第540章 沓中羌骑

宫内留臣子夜宴之事并不常见,此前少有的几次,要么是宴请远来朝觐的一方重臣,要么是与宗室、亲故饮宴。

在许昌宫宴请臣子,这还是第一次。

众散骑侍郎们受宠若惊,一时连连道谢,又紧张又惶恐。司空司马懿、侍中裴潜和资历更老的尚书们,也纷纷告辞离去。

“对了,司空,朕还有一事。”曹睿朗声叫住了刚走到门口的司马懿。

司马懿闻声转身,拱手问道:“臣在,请陛下示下。”

曹睿道:“不是什么急事,司空晚些遣人去做就是。洛阳官办的造纸作坊,产出的左伯纸不错,但各地还未推行开来。”

“明日给洛阳将作监去信,派些人到各州州治去,把造纸作坊铺开,再传授传授技法。另外,若有谁能对造纸术改进得当,朝廷可以赏赐关内侯的爵位。”

司马懿对于皇帝这种‘突发奇想’,已经见怪不怪了,随即应道:

“遵旨,臣明日就办。”

尚书们走后,曹睿也踱步而出,朝着宫内走去,八名散骑们也亦步亦趋的簇拥在他身后。才缓过些的陈本觉得,此时没那么严肃的皇帝,看起来属实更亲切了。

众人出宫后,司马懿与卫觊二人坐上了同一辆马车。

二人都是在司马懿宅邸的宴席上被叫出来的,因而也是要一同回去。不是为了再将刚才的酒局续上,而是卫觊自己的马车和儿子卫瓘,还都在司马懿家中呢。

许昌城内的道路,比洛阳和邺城都差一些。就连宫门外的道路,也有些细微的不平整。马车向前驶着,细小的颠簸之处接连不断。

这也并不奇怪。

武帝曹操创立基业后,将霸府设在河北的邺城而非许昌,许昌也仅仅是作为汉都,以及安放汉末帝刘协的地方,维持城防就已经不错了,霸府对于汉官、旧时汉宫和城内建设,也并不愿意投入多少资财。

卫觊倚在马车里,方才还醉醺醺的样子,在马车车帘拉下后,精神立马就矍铄了起来。

司马懿见状笑道:“怎么,伯觎公一坐上马车便醒酒了?亏我还一路扶你过来。”

卫觊轻咳了两声:“醒酒了,不过不是现在醒的,陛下斥责陈本的时候,老夫就已经渐渐醒酒了。”

“也是。”司马懿道:“半路醒酒,恐怕陛下还是要再问你的,不若躲过去为好。”

卫觊点头:“正是如此。仲达,今日陛下要改这公文,究竟是何用意?这等琐事,陛下竟也能顾及?”

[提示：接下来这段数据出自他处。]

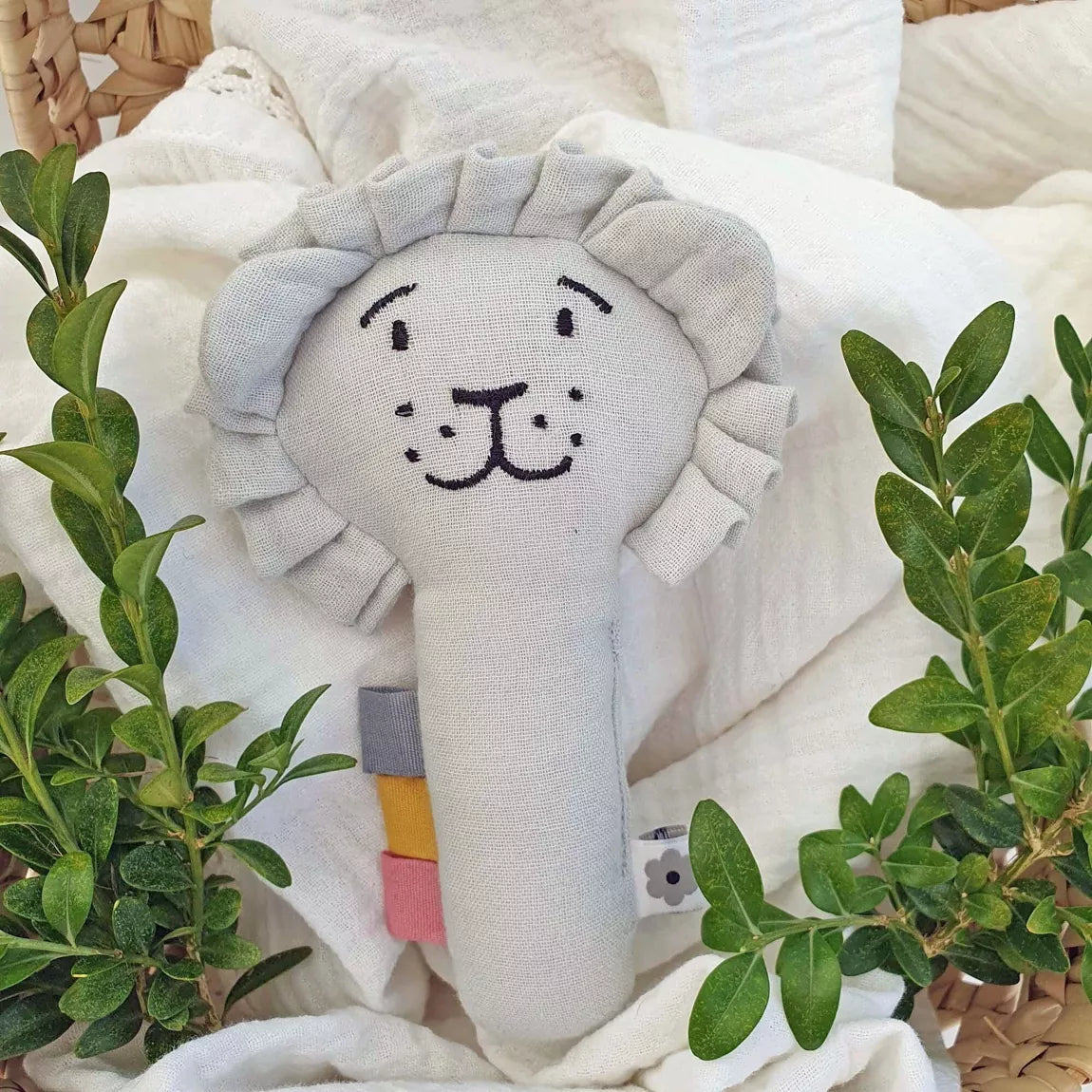 Soft rattle lion in organic cotton muslin.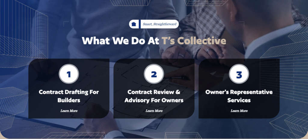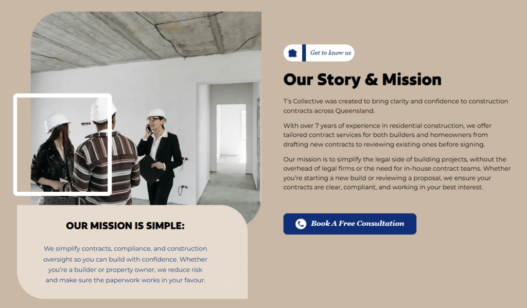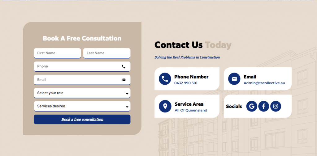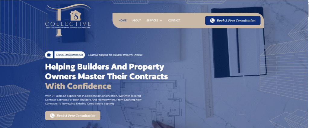 TS Collective provides expert construction contract services for builders and property owners across Queensland. With over 7 years of industry experience, they offer everything from contract drafting to owner representation. However, their outdated website wasn’t reflecting the professionalism and expertise they bring to every project. The old design was holding them back from attracting the high-quality clients they deserved.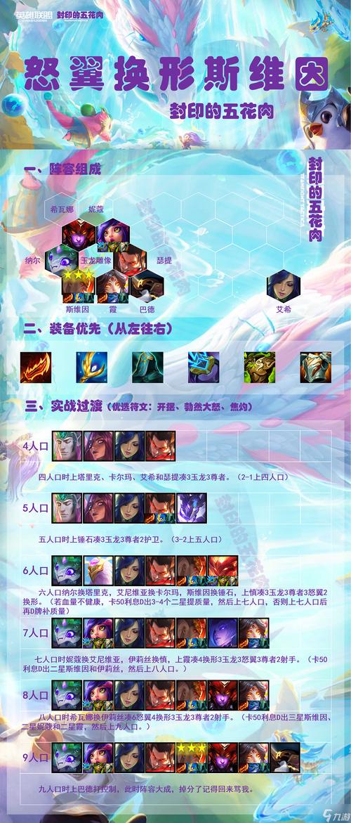 前排顶住并注意调整人马占位。没有轻语时,图奇与霞站同一侧。 运营节奏: 前期:提升质量,采用二斗二射组合,中期补重骑开风暴,保持连胜。 八级:形成五射两重骑阵容。 九级:重骑换龙女,开出四怒二换型阵容。以上是金铲铲之战s5迅捷怒翼霞的玩法攻略,希望对玩家有所帮助。

司马懿侧脸看了看卫觊,自嘲的笑了一声:“陛下是何用意,我又如何知道?”

“伯觎公,虽说我乃司空,又是阁臣,与陛下更熟悉些,却也从没摸透过陛下的念头。”

卫觊道:“可按照陛下今日言语,改革公文这件事情,似乎不像是心血来潮,更像是筹画已久,借着今日事端抒发出来了一般。”

“嗯?”司马懿反问了一句:“伯觎公想说什么?”

卫觊轻声说道:“就是不知陛下心中还放着多少这样的事情,就等着一个契机……”

“慎言!”司马懿低声喝道:“勿要再说了。”

卫觊笑笑,似乎并不在意。

司马懿道:“今日之事,说得是公文,也就只是公文,不要扯到其他问题上。至于如何整顿公文的细节,明日我让吏部杨尚书和礼部徐尚书去做,伯觎公就不要操心了。”

“也好。”卫觊道。

司马懿的语气这才轻松些:“嗯,酒菜应已冷了,回去热热稍微再用一些,就可归家了。你家卫瓘属实聪颖,十岁之龄,就能在我面前对谈流利,言语清晰,伯觎公该好生培养一下。”

“家中子弟,才是一等一之事,不可丝毫懈怠。”

卫觊笑了一声,捋须说道:“比不上子元和子上半分。”

司马懿也笑了数声,二人所乘的马车也渐行渐远。

……

与许昌城中的安宁氛围不同,数千里外,秦州武都郡,护羌将军陆逊面对蜀军来袭,气氛却并不轻松。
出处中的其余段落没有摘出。